When you reach the line with "Isoflex Protein has" in the records below, begin transcribing exactly and continue up to and including the line with "小莉是個凡事都擔心的小孩,擔", leaving out every picture.
START INPUT RECORDS
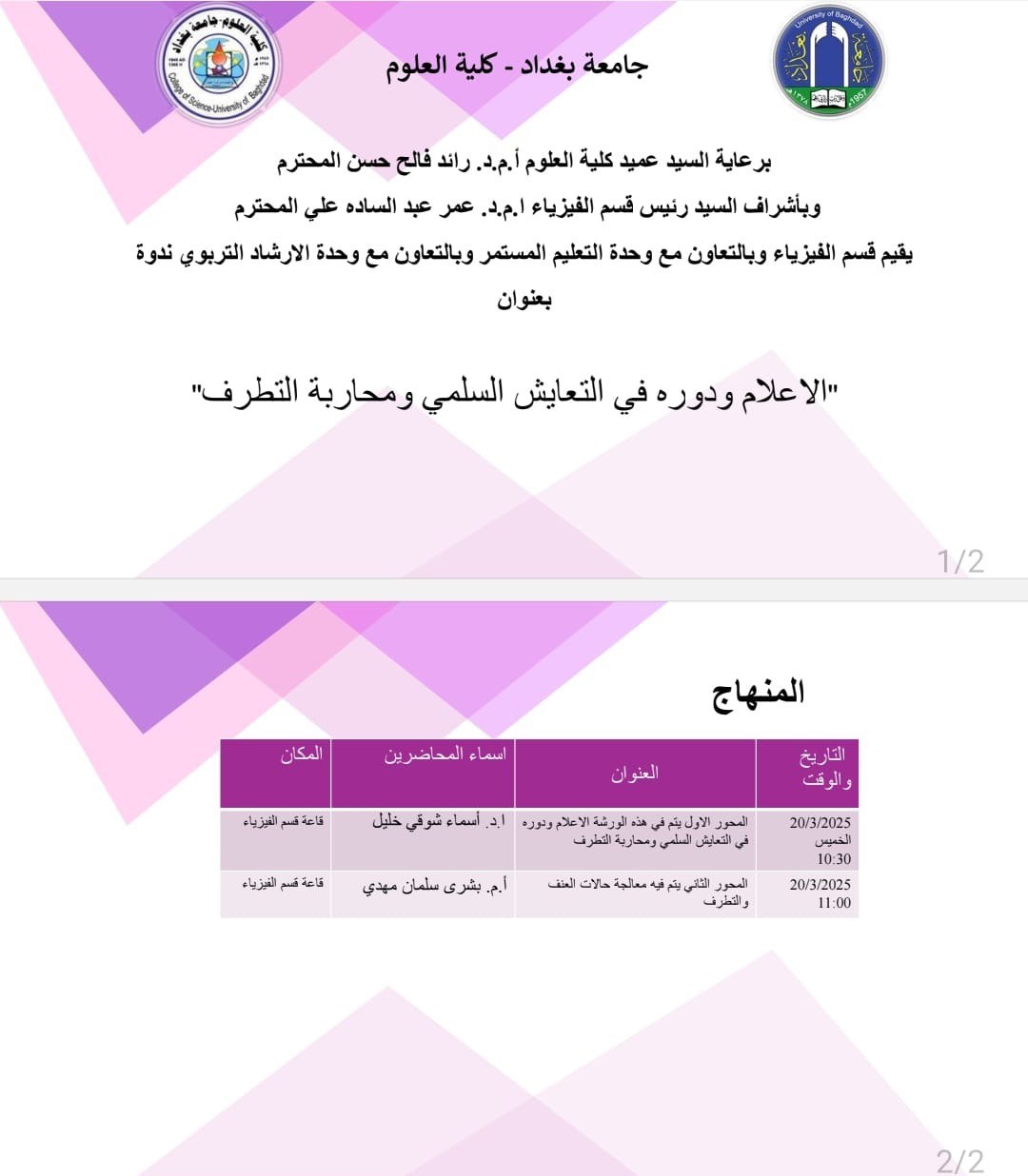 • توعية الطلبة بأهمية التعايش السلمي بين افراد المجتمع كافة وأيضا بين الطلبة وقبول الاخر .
END INPUT RECORDS
START INPUT RECORDS
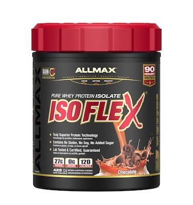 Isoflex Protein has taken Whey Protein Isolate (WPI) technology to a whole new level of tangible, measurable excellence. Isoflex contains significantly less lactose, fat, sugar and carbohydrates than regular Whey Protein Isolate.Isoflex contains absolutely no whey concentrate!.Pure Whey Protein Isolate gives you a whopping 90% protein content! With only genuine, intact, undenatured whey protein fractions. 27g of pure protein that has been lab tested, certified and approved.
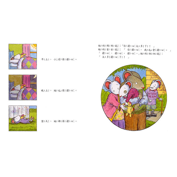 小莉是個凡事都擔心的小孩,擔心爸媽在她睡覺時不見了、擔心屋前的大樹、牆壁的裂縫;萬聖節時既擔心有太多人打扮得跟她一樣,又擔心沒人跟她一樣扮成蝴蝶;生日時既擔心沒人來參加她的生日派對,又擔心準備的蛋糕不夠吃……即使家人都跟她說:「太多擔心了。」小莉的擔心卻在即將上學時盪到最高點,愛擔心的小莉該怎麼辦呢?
END INPUT RECORDS
# YOUR SOLUTION:
 Isoflex Protein has taken Whey Protein Isolate (WPI) technology to a whole new level of tangible, measurable excellence. Isoflex contains significantly less lactose, fat, sugar and carbohydrates than regular Whey Protein Isolate.Isoflex contains absolutely no whey concentrate!.Pure Whey Protein Isolate gives you a whopping 90% protein content! With only genuine, intact, undenatured whey protein fractions. 27g of pure protein that has been lab tested, certified and approved.
 小莉是個凡事都擔心的小孩,擔心爸媽在她睡覺時不見了、擔心屋前的大樹、牆壁的裂縫;萬聖節時既擔心有太多人打扮得跟她一樣,又擔心沒人跟她一樣扮成蝴蝶;生日時既擔心沒人來參加她的生日派對,又擔心準備的蛋糕不夠吃……即使家人都跟她說:「太多擔心了。」小莉的擔心卻在即將上學時盪到最高點,愛擔心的小莉該怎麼辦呢?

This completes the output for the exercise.